There exists a large range of literature that addresses identifying large language model training data in a “black-box” environment where the training corpus is unknown. For instance, LLM training data sourcing has been assessed through min-k% prob, which is a detection method based on the assumption that a member of the training data is less likely to include words that have high negative log-likelihood (and are thus outlier words) compared to a non-member of the training data Shi et al. (2024), therefore considering "anomalous" vocabulary within a text.

Such an approach, based on the principles of Membership Interference Attacks (MIAs), an adversarial technique that seeks to determine whether a knowledge source is part of a model’s training data, is the most common method to identify LLM training data in “black-box” environments. Substantial literature also exists about utilizing MIA principles to identify corpora used to fine-tune LLMs, addressing word embeddings Mahloujifar et al. (2021), addressing NLP classification models for members of training corpora Shejwalkar et al. (2021), and addressing source text memorization Song and Shmatikov (2019).

However, such approaches based on MIA principles take a statistical and probabilistic approach to identifying LLM training data, ignoring other “signs” of sourcing that extend beyond simple copying or paraphrasing. Statistical measures such as only considering the likelihood of "anomalous" words ignore the broad relationships between ideas that exist in sentences of a source corpora that may manifest themselves in an LLM’s generated answer.

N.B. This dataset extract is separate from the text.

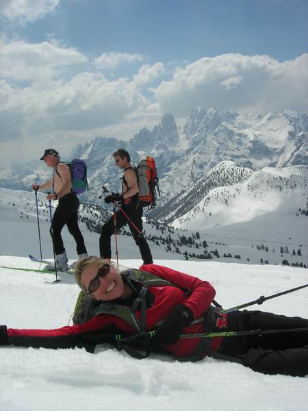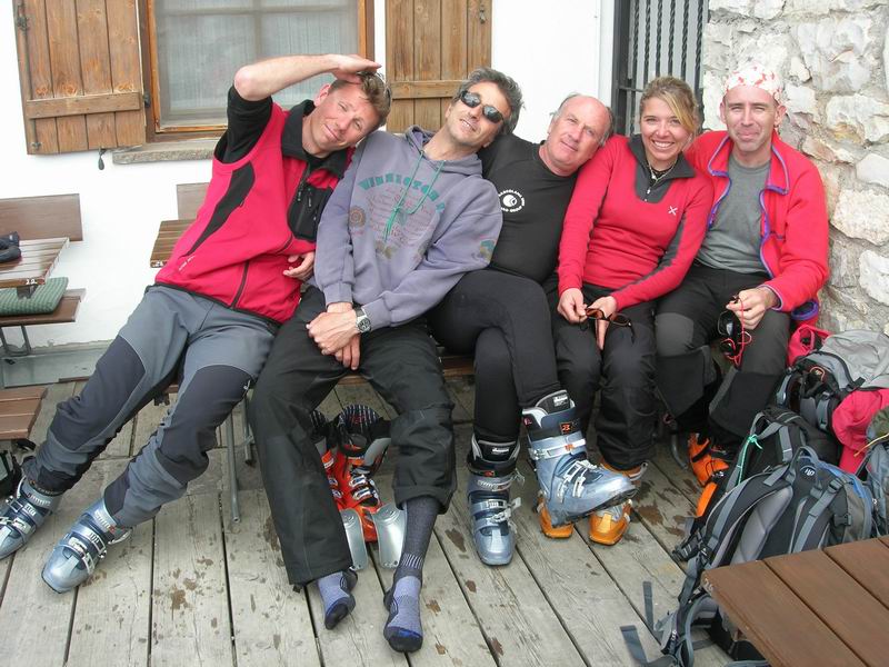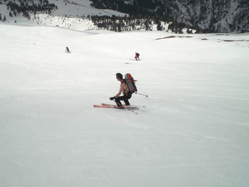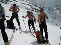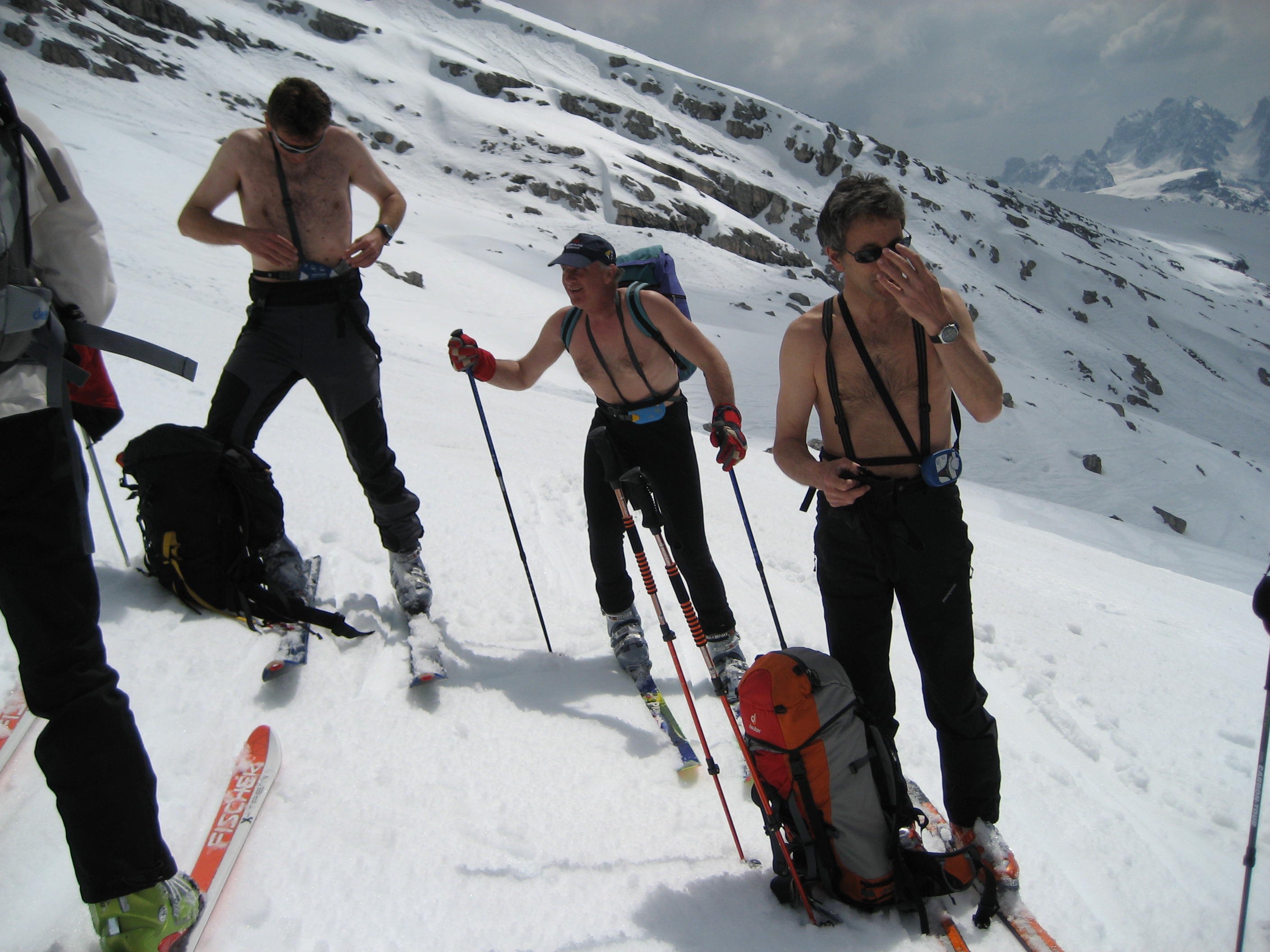 Su questa neve tutti sono campioni di sci. La temperatura è gradevole.... la compagnia divertente.... ed il buon umore è alto tanto che i maschi si tolgono giacca e maglietta... senza però rinunciare ad'ARVA e zaino.

Additionally, traditional plagiarism detection systems (systems that compare the similarity of multiple corpora) often rely on simple matching techniques. For instance, these systems may search direct token (word, sentence, unique phrase, paragraph, etc.) matches between a document and others, using a threshold for matches as an indicator of plagiarism/similarity. Other systems narrow down at the individual word/phrase level, analyzing semantic relationships through simple synonym/antonym detection or more complex Semantic Role Labeling techniques between words in target and source sentences Osman et al. (2012). Other systems use character-based n-gram analysis to detect similarity between a target and source corpus Bensalem et al. (2014). However, such systems fail to look at similarities in broad idea organization and content structure between a source and target text. They thus do not account for the fact that plagiarism can occur at a high level with regards to ideas and the way they are organized in a text in addition to singular sentence/phrase/word copying. Furthermore, some plagiarism systems utilize Deep Neural Networks in order to assess the similarity between a target and source corpus El-Rashidy et al. (2022), Hambi and Benabbou (2020). Such systems pose advantages such as the ability to be used with a variety of corpora due to transfer learning concepts such as layer freezing that enables fine-tuning. Furthermore, these systems are able to learn more semantically complex features from the given corpora due to the presence of multiple deep layers. However, due to the black-box nature of such an approach, it is hard to trace what aspects of the target and source match the greatest.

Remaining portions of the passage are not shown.